ECLI:NL:RBBRE:2008:BF0043
Rechtbank Breda
- Eerste aanleg - meervoudig
- Rechtspraak.nl
Verplichte verzekering voor AWBZ en opgewekt vertrouwen bij belastinginspecteur
In deze zaak, behandeld door de Rechtbank Breda op 23 juli 2008, staat de vraag centraal of de belanghebbende, die in Duitsland woont en pensioen en AOW uit Nederland ontvangt, terecht premie AWBZ is ingehouden. De rechtbank oordeelt dat de belanghebbende op basis van de Nederlandse wetgeving en de Europese Verordening (nr. 1408/71) verplicht verzekerd is voor de AWBZ en dus premieplichtig is. Echter, het beroep van de belanghebbende op opgewekt vertrouwen slaagt. De rechtbank stelt vast dat de inspecteur in Groningen in 2002 en 2003 het standpunt heeft ingenomen dat er geen AWBZ-premie verschuldigd was, en dat deze inspecteur een weloverwogen standpunt heeft ingenomen. De inspecteur van Belastingdienst Limburg, die in 2004 de bevoegde inspecteur was, is gebonden aan het standpunt van zijn collega in Groningen.

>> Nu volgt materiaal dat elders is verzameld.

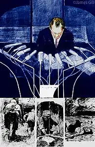 Arising out of a series of anti-war images is the work The Machines. The composition formally joins the media coverage of the United States with the combat conditions in Vietnam.[5]: 209 As a draftsman, Gill earned a reputation for handling contemporary issues through photographic images. The combination of his expressionist art and his graphite pencil went against the trend of this time. William Inge described the dark graphite pencil compositions as follows: "His paintings hold a moment of truth, which is of unfortunate beauty and makes memorable".[6] In this way, Gill goes even further than the often apolitical intent of the early movements of pop art. By addressing his paintings for example with the Vietnam War, his works gain an additional socio-critical dimension which provides a much wider range than the mere and superficially not intended criticism of pop art in consumer society.[7]

De rechtbank verklaart het beroep gegrond, vernietigt de uitspraak op bezwaar en vermindert de aanslag tot een berekend zonder heffing van premie AWBZ. Tevens gelast de rechtbank dat de Staat het door belanghebbende betaalde griffierecht van € 39 vergoedt. De rechtbank gaat voorbij aan een eventuele niet-inachtneming van de hoorplicht, omdat de belanghebbende zich hier niet op beroept. Tegen deze uitspraak kunnen partijen binnen zes weken hoger beroep instellen bij het gerechtshof te ‘s-Hertogenbosch.
De rechtbank concludeert dat de inspecteur in [woonplaats] het vertrouwen heeft opgewekt dat er geen AWBZ-premie verschuldigd was, en dat deze inspecteur gebonden is aan het standpunt dat door zijn voorganger is ingenomen. De uitspraak benadrukt de complexiteit van de regelgeving rondom sociale zekerheid en de rol van de belastinginspecteur in het opwekken van vertrouwen bij belastingplichtigen.